As you are undoubtedly aware from its filings on Schedule 13D, DPW Holdings, Inc. (“DPW”) has been acquiring shares of the common stock of WSI Industries, Inc. since December 6, 2017 (the “Initial Purchase Date”).  As of January 16, 2018, the date of its last 13D filing, DPW beneficially owned 247,890 shares of the common stock of WSI Industries, Inc. (“WSI”), which represented 8.4% of the total shares of WSI common stock outstanding (the “Current Holdings”).
 
I am writing at this time to inform you that DPW plans to obtain additional shares of WSI common stock by engaging in a cash tender offer.  Please consider this a “good faith definitive proposal” for DPW to acquire such shares pursuant to the provisions of the Minnesota Business Corporation Act (“MBCA”) under §302A.673 thereof (the “Business Combination Provisions”).  The details of the proposed share acquisition are as follows:
 
·
DPW plans to make a tender offer to acquire shares of WSI common stock from the current shareholders of WSI (the “Tender Offer”).
 
 
·
The purchase price to be offered to WSI shareholder in the Tender Offer is anticipated to be $6.00, per share, representing a premium of approximately 18% over the closing share price on February 15, 2018 ($5.10) and approximately 69% over the closing share price on the day immediately prior to the Initial Purchase Date ($3.55).
 
 
·
The terms of the Tender Offer would be conditioned on DPW acquiring enough shares to ensure that, after such acquisition and when combined with the Current Holdings, DPW’s total beneficial ownership would be in excess of 50% of the total outstanding shares of common stock.
 

 
DPW is requesting that a committee be formed pursuant to subdivision (d) of the Business Combination Provisions (the “Disinterested Committee”) to approve the acquisition of shares pursuant to the Tender Offer.

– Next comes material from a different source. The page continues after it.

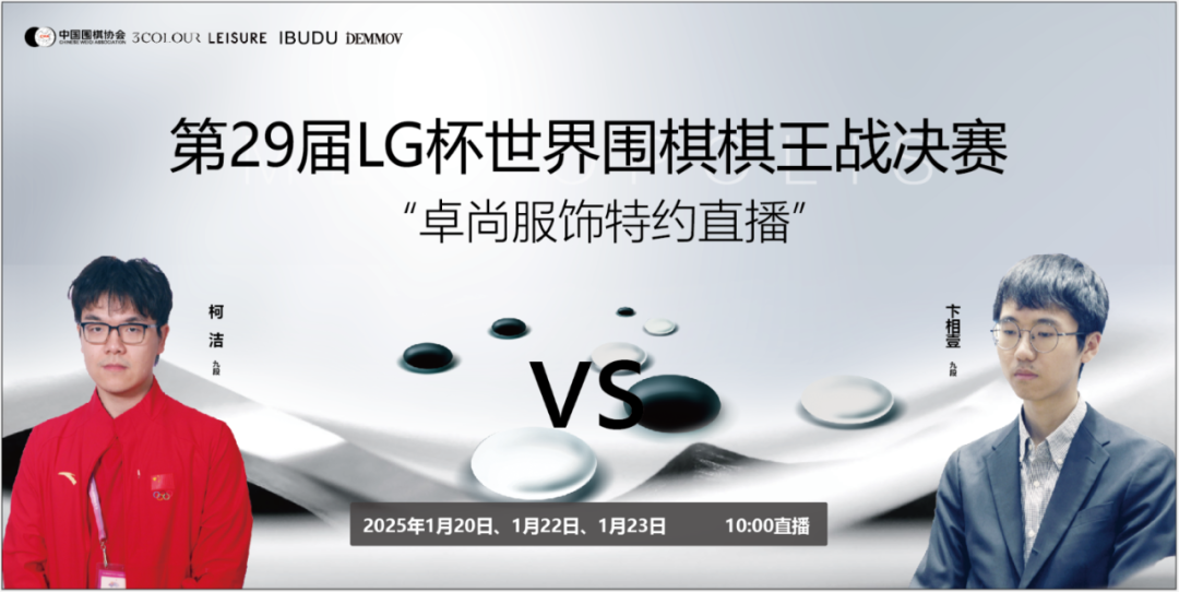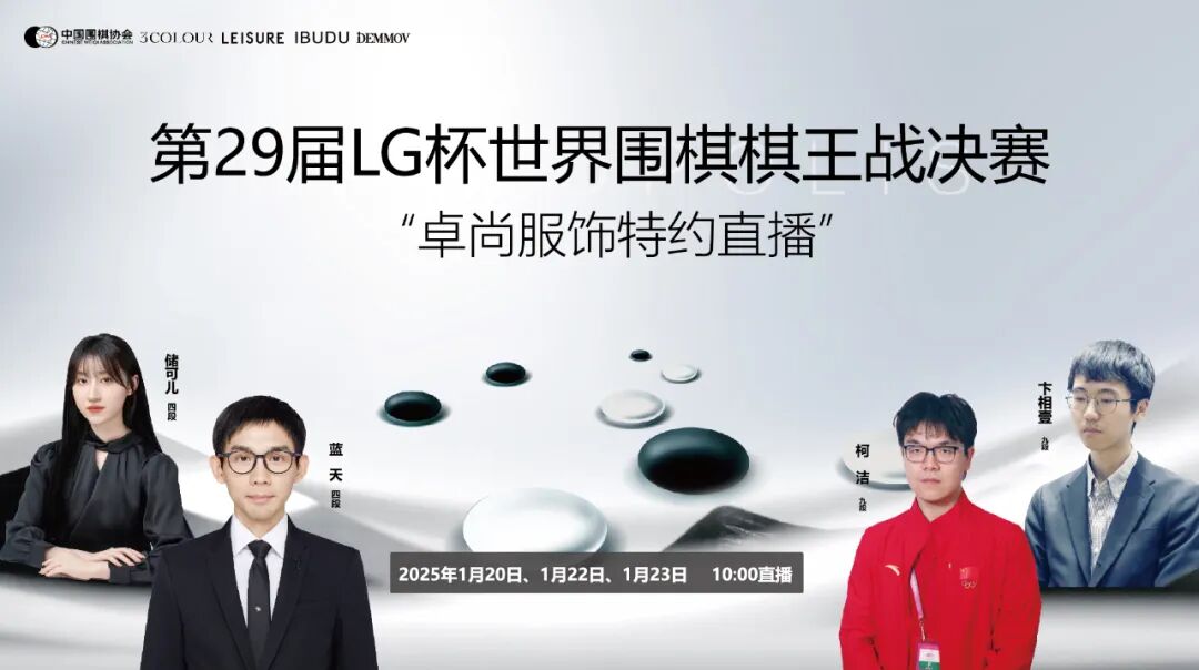 LG杯决赛为三番棋,比赛日为1月20日、22日、23日。每个比赛日的北京时间9:00开赛,中国围棋协会在抖音、bilibili、视频号的官方账号从10:00开始直播,由蓝天四段、储可儿四段解说。参与直播互动的棋迷,有机会获得由品牌服装提供的时尚女装。

In addition, because WSI is a Minnesota corporation and, to our knowledge, has not opted out of the provisions of §302.671 of the MBCA (the “Control Share Acquisition Provisions”), DPW hereby requests that WSI take all required action to amend its governing documents to opt out of such provisions (the “Amendment”) as provided in subdivision 1 thereof.  DPW believes that having the Disinterested Committee approve the Amendment and seeking shareholder approval no later than June 1, 2018 will be considerably more efficient for both parties than pursuing shareholder approval for the Tender Offer pursuant to subdivisions 2 and 3 of the Control Share Acquisition Provisions.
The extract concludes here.